#### Problem description
Restate word for word the lines below from the one that has "Estantería Mural Acero" through the one that has "카라가 없는 라운드넥 마 자켓입니다", keeping both and dropping all pictures.

#### Data for the task
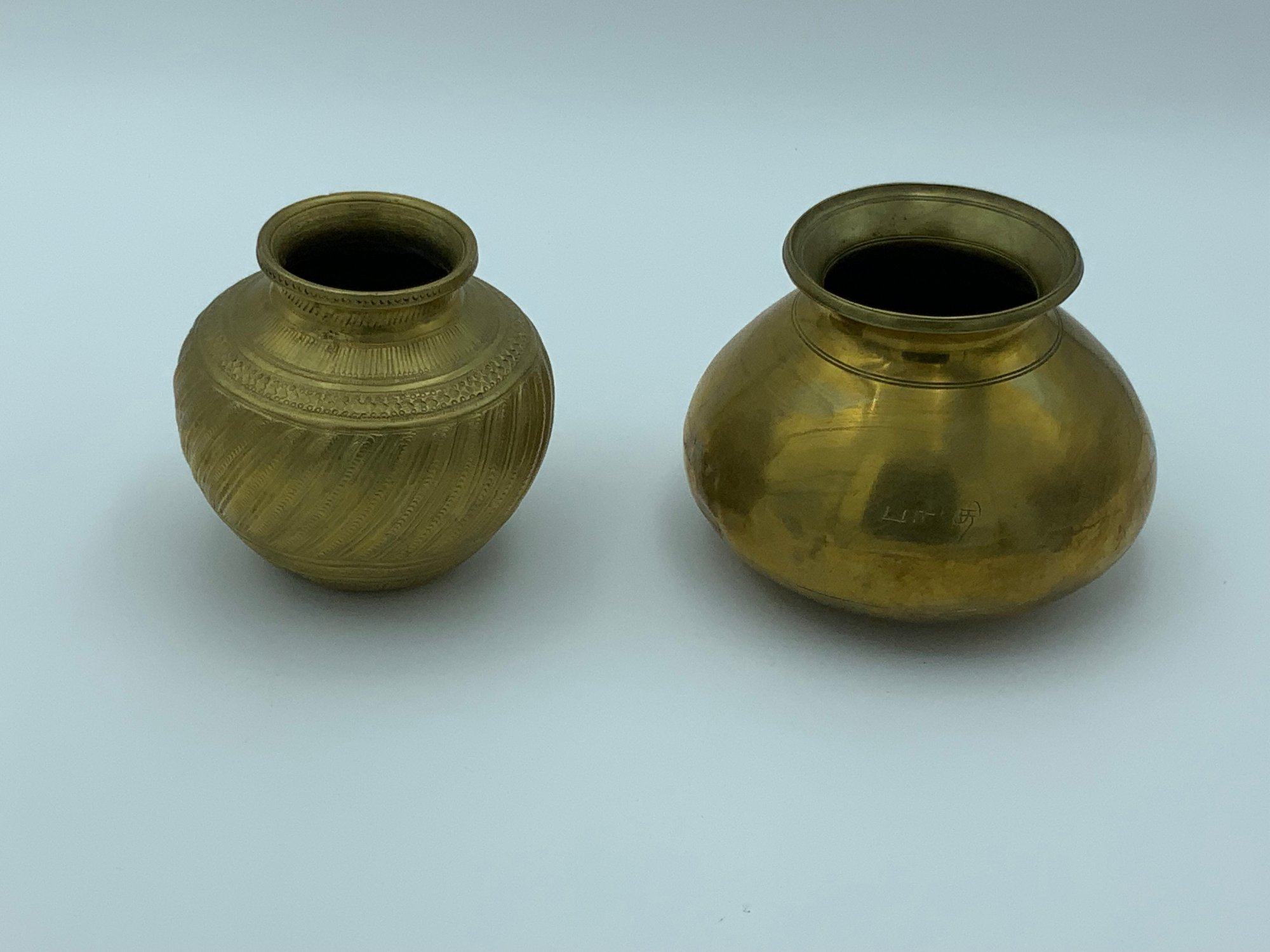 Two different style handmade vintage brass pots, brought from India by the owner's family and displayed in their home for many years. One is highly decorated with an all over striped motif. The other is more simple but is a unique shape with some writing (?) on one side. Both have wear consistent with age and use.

--

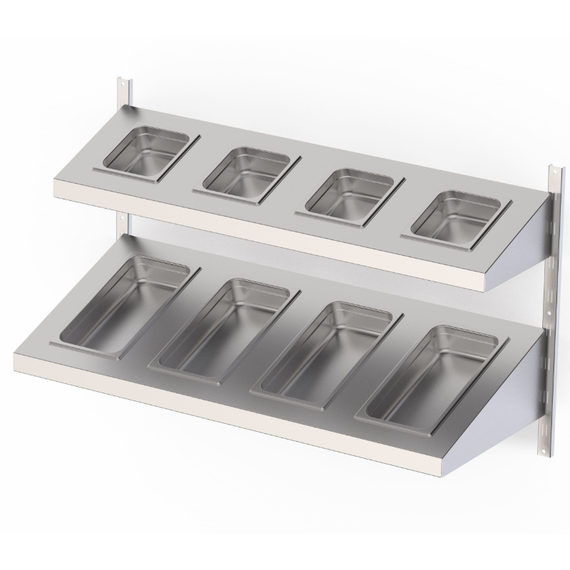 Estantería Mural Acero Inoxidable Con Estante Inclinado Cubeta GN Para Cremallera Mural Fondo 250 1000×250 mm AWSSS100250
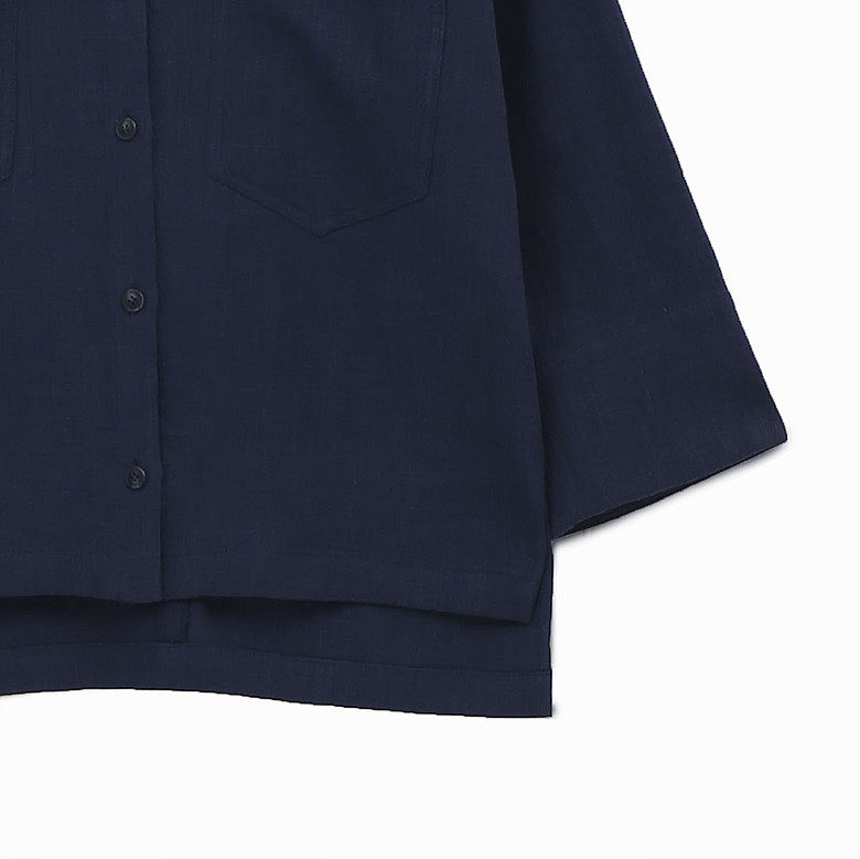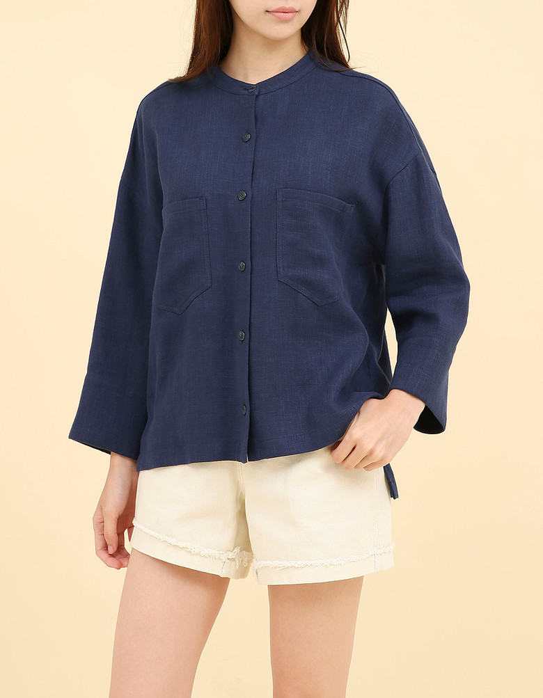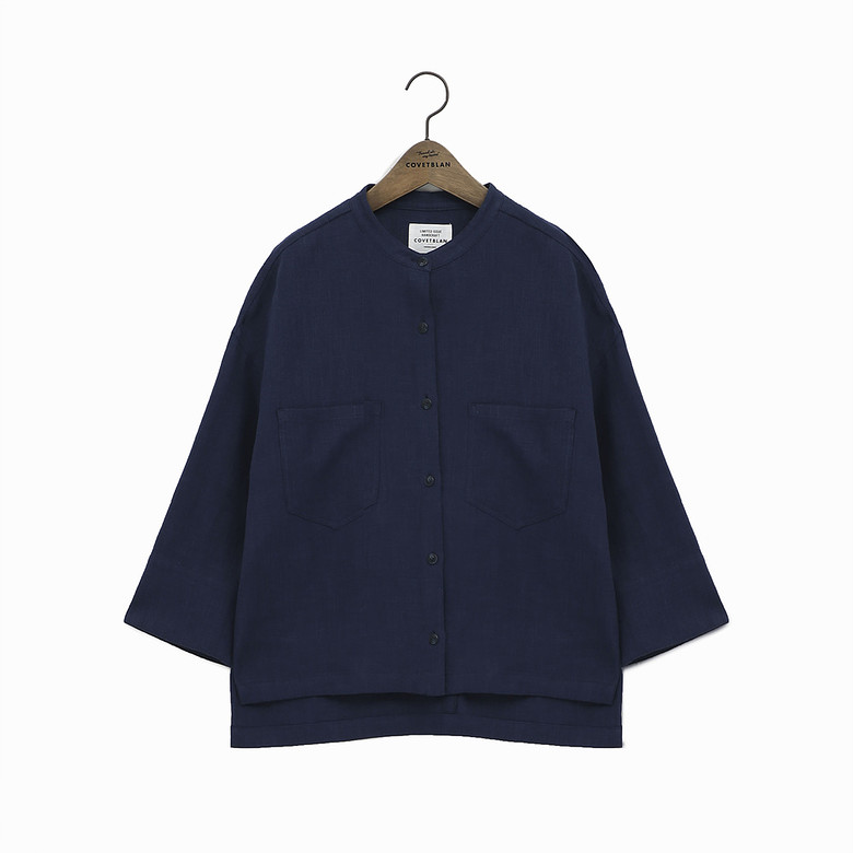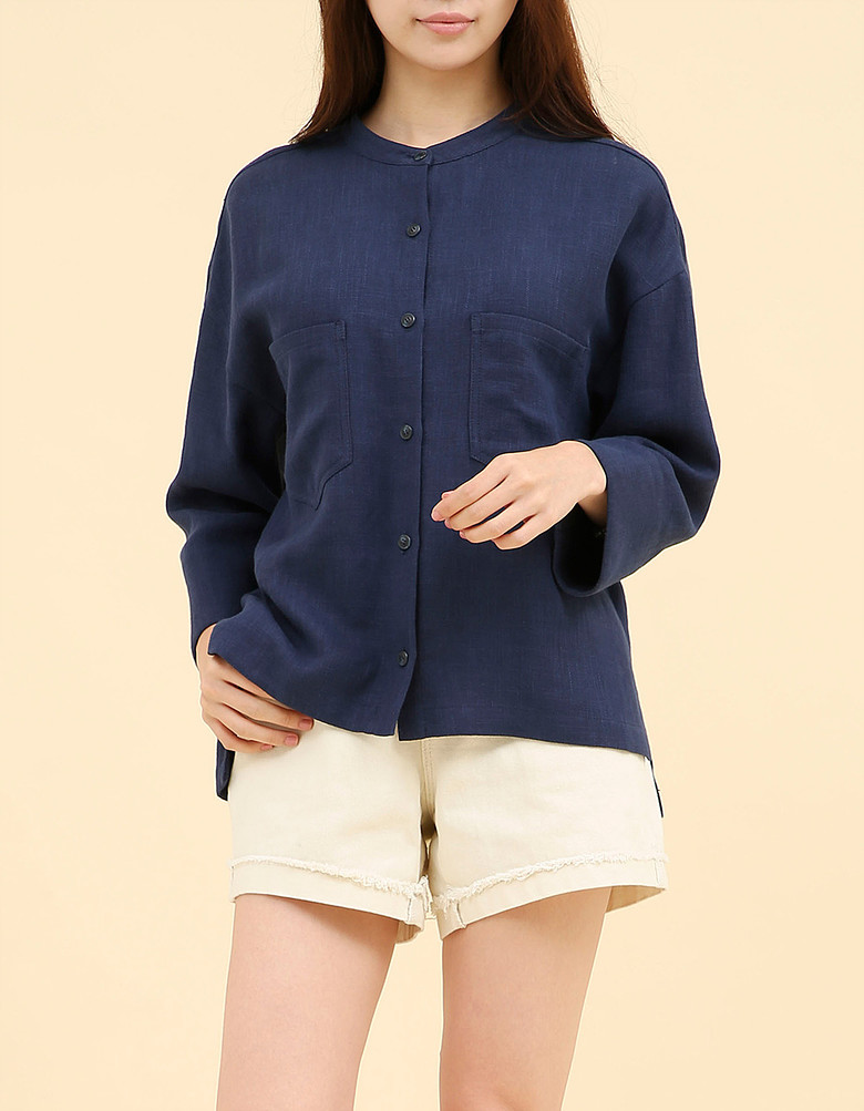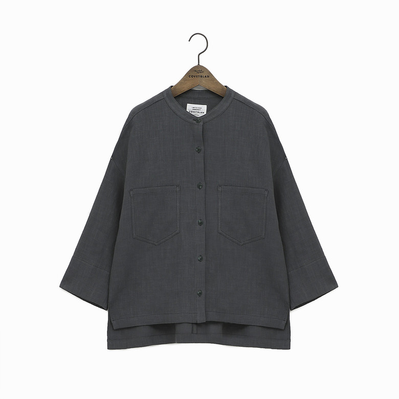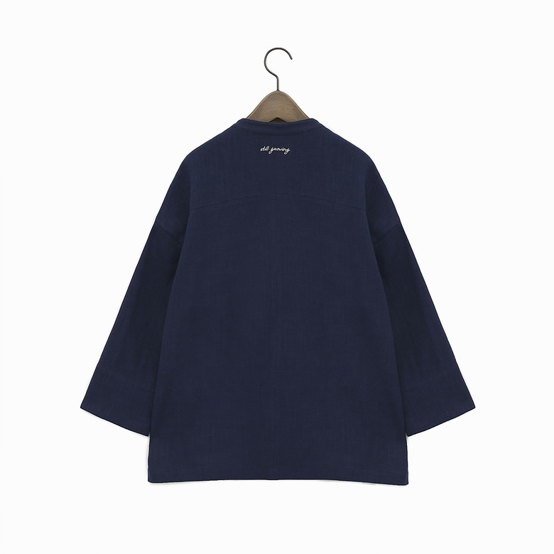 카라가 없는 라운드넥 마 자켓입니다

#### Reply to the task
 Estantería Mural Acero Inoxidable Con Estante Inclinado Cubeta GN Para Cremallera Mural Fondo 250 1000×250 mm AWSSS100250
 카라가 없는 라운드넥 마 자켓입니다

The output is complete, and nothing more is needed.